We worked together creating Intelligent RPA Product and thought of how we can make use of automation to help auditing process be easier, reducing manual work and increasing time for higher value task.
What it does
iMatch by Team RIPA automates the matching of invoices from images into records. Built with further improvements in mind on how we can make it into a startup idea.
How we built it
We built it with OCR technology to extract words from images. Then we did some minor Data analysis on how the extracted information will look like. Further with we filter the extra spaces and newlines to get a list of strings from the image that contains readable words or numbers. We then experiment with different scoring and matching algorithms such as Levenshtein distance, Hungarian algorithm, sequence matching libraries. We finally decided on a greedy approach of getting the highest score and matching it as Hungarian may cause different or similar invoices to be matched and replacing the perfect match due to how it is meant to get the highest score.
Challenges we ran into
OCR technology is not fully mature. Hence, we face the issue of getting inaccurate data from the invoice. Also, it is difficult to differentiate similar invoices. Inexperience in both the technological and auditing fields to understand how to make use of technology to better fit in the audit fields.

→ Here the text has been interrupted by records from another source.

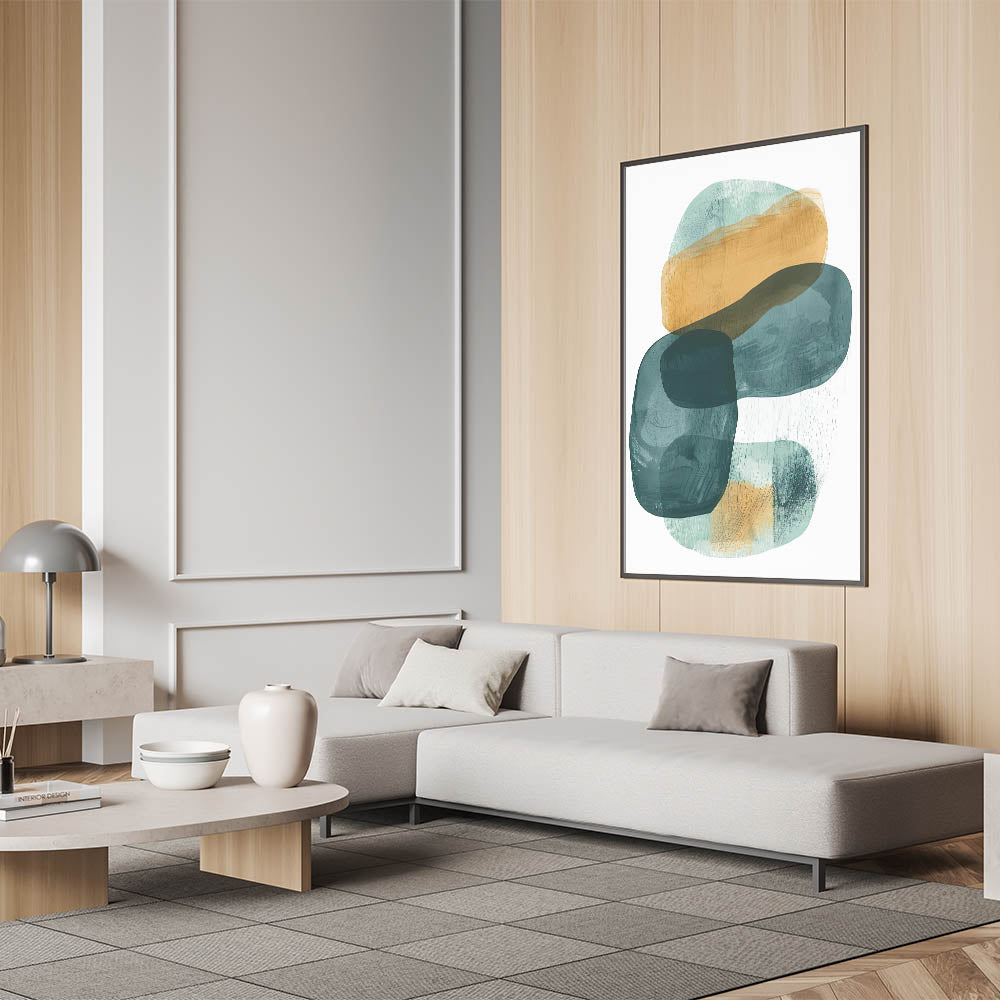 This abstract art print brings nature’s colors indoors, providing a calm and stylish focal point for any wall. Its minimalist design complements a wide range of decor themes, making it a versatile addition to your home.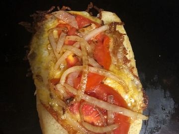Includes cheese, lettuce, tomato, pickles, grilled onion, mayo, mustard, & ketchup.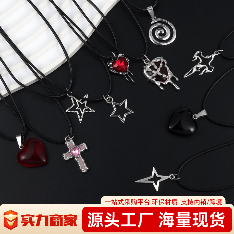 Cross-Border Dark Style Multi-Element Pendant Necklace Set Star Heart Cross Black Rope Necklace European and American Punk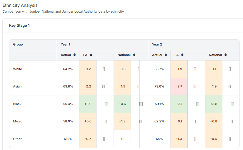 Split into Key Stage 1 and Key Stage 2, use this table to compare your school subject level performance with Juniper National and Juniper Local Authority data by ethnicity group.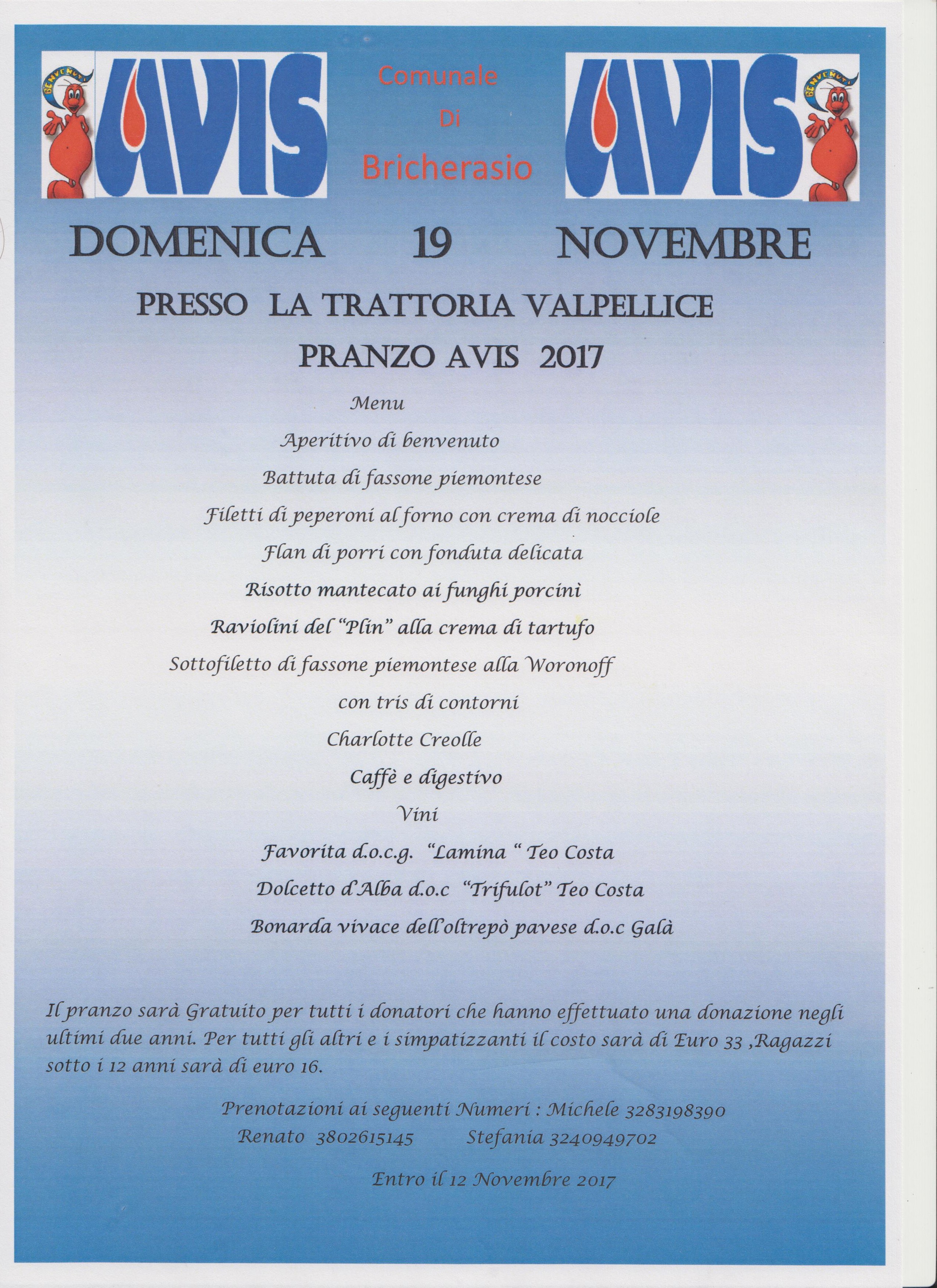 Prenotazioni aperte per il pranzo sociale dell’AVIS di Bricherasio, fissato per Domenica 19 novembre alla Trattoria Valpellice di San Secondo di Pinerolo. Appuntamento fissato alle 12,30 sul posto per i festeggiamenti di un altro anno di volontariato e di donazioni a favore di chi è più bisognoso. Durante il convivio verranno premiati i donatori benemeriti. Il costo per familiari e simpatizzanti è di 33 € mentre ci sono sconti per i ragazzi sotto i 12 anni che pagano 16 € ed è gratis sia per i più piccoli sia per chi ha effettuato almeno una donazione negli ultimi due anni. Per prenotazioni rivolgersi a Michele allo 328/3198390, a Stefania al 324/0949702 oppure a Renato 380/2615145.

Accomplishments that we're proud of
One thing we are proud of and is unique to our product is the matching algorithm. Instead of having a single greedy approach that takes the most similar value, we use an algorithm for matching such that it maximizes the total score of the invoice matching process. Thus, making our product more robust. Furthermore, we took the approach of a client and servers instead of having a one-stop machine learning script to make our solution more scalable. In the future, if our product takes off, we can add a messaging queue or deploy on cloud services to help make our solution more robust.
What we learned
Throughout the hackathon, we have immensely benefited from learning more about the accounting industry. Also, we learned about natural language processing and difficulties in information retrieval. Another valuable takeaway would the research from the matching algorithms that we have used. This has certainly benefited us professionally and helped us hone our business acumen.
What's next for RIPA
Customize OCR to better fit Invoices Support Users by providing suggestion instead of just auto-matching improving the accuracy of the match Machine learning implementation to matching invoices from user’s feedback Following which when we have high enough accuracy, fully automated and error recognition. Selling it as a cloud service or as an on-premise set up for users that are cautious of security and privacy issues.